** EXERCISE AIM **
Reproduce the listing below from the line with "LED-Licht und Lautlosmodus: Unsere" to the line with "Trong khi đó, Stuttgart", both lines included, character for character, minus any pictures.

** DATA EXTRACTS **
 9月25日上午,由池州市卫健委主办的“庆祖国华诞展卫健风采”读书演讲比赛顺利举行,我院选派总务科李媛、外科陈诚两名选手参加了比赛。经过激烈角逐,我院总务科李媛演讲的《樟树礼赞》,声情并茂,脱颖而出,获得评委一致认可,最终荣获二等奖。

==

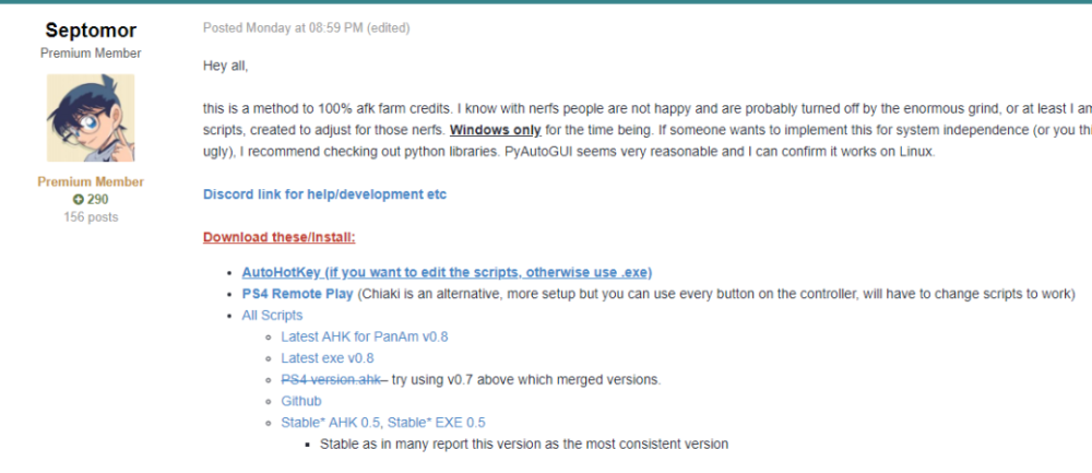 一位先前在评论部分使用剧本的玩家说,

* * *

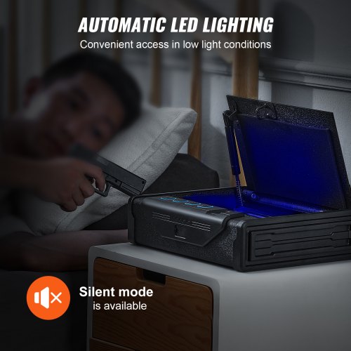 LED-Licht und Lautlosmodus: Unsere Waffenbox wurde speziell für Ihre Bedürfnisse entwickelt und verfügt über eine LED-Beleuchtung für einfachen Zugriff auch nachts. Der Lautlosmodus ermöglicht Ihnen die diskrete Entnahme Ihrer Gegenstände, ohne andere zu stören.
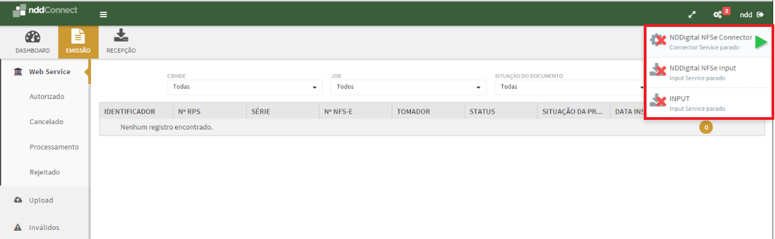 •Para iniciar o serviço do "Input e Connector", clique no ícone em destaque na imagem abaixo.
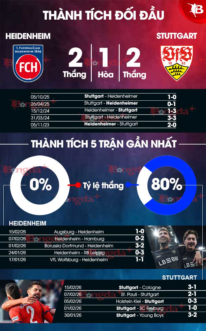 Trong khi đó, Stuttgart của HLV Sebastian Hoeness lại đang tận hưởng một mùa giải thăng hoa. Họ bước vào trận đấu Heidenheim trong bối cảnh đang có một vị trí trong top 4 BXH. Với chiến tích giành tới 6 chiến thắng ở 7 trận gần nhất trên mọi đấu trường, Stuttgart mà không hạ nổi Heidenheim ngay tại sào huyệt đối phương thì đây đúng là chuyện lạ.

** EXERCISE RESPONSE **
 LED-Licht und Lautlosmodus: Unsere Waffenbox wurde speziell für Ihre Bedürfnisse entwickelt und verfügt über eine LED-Beleuchtung für einfachen Zugriff auch nachts. Der Lautlosmodus ermöglicht Ihnen die diskrete Entnahme Ihrer Gegenstände, ohne andere zu stören.
 •Para iniciar o serviço do "Input e Connector", clique no ícone em destaque na imagem abaixo.
 Trong khi đó, Stuttgart của HLV Sebastian Hoeness lại đang tận hưởng một mùa giải thăng hoa. Họ bước vào trận đấu Heidenheim trong bối cảnh đang có một vị trí trong top 4 BXH. Với chiến tích giành tới 6 chiến thắng ở 7 trận gần nhất trên mọi đấu trường, Stuttgart mà không hạ nổi Heidenheim ngay tại sào huyệt đối phương thì đây đúng là chuyện lạ.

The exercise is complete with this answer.